**Entries shown:**
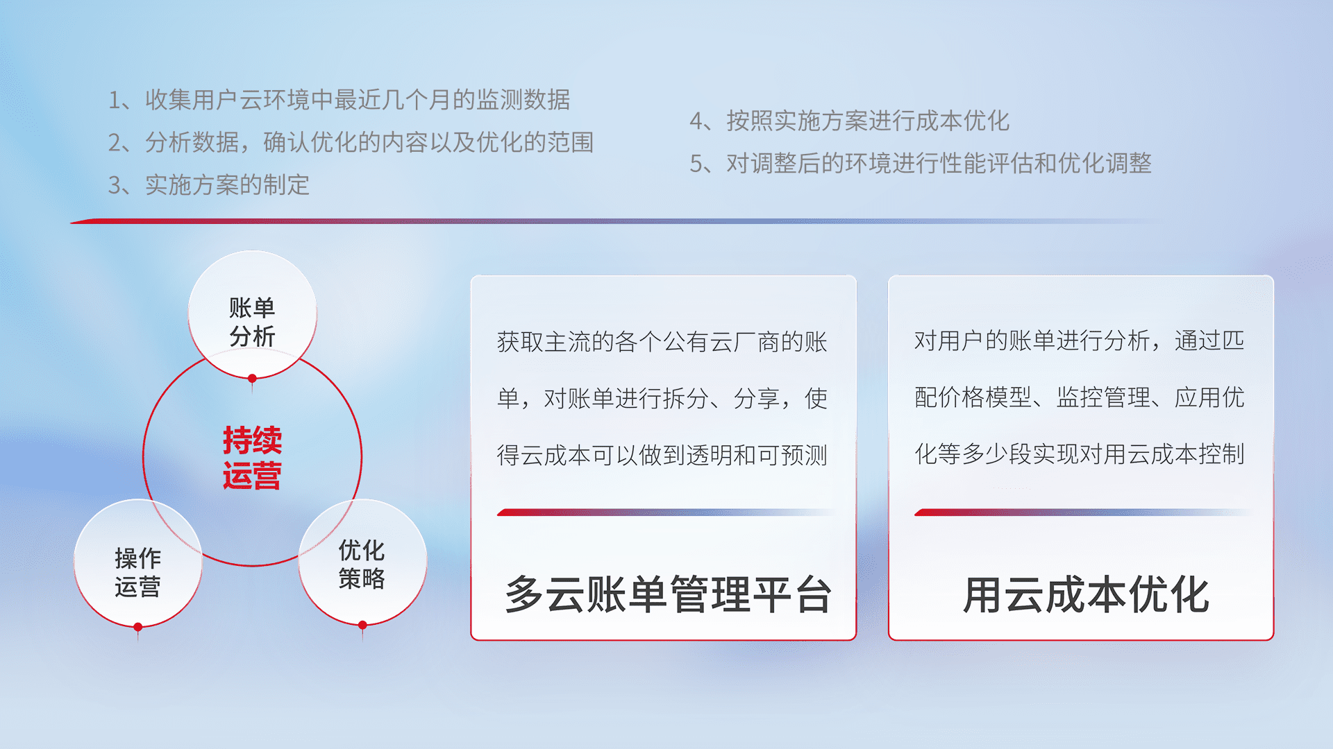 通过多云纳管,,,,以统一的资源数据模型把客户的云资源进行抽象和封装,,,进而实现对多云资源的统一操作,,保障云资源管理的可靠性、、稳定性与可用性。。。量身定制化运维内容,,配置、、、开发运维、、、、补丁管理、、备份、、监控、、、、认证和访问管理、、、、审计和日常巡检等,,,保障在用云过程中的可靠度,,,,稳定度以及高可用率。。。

...

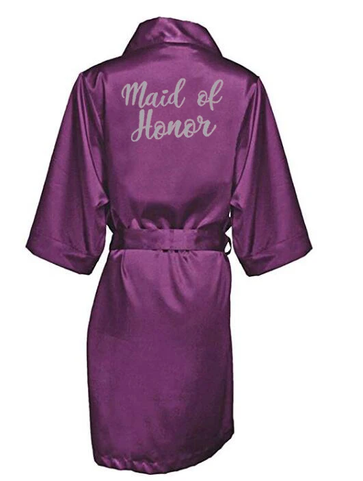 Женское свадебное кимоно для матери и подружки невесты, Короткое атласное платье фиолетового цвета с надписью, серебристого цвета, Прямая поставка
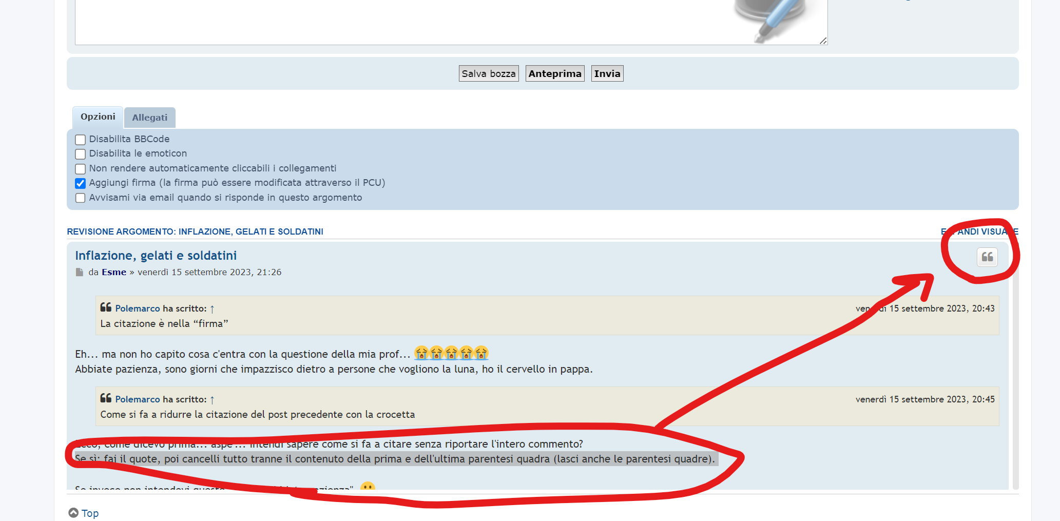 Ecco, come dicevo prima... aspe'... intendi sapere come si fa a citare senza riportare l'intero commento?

**Exercise details:**
Copy exactly the lines of the listing above between the one holding "Женское свадебное кимоно" and the one holding "Ecco, come dicevo", inclusive; omit all pictures.

**Reply to the task:**
 Женское свадебное кимоно для матери и подружки невесты, Короткое атласное платье фиолетового цвета с надписью, серебристого цвета, Прямая поставка
 Ecco, come dicevo prima... aspe'... intendi sapere come si fa a citare senza riportare l'intero commento?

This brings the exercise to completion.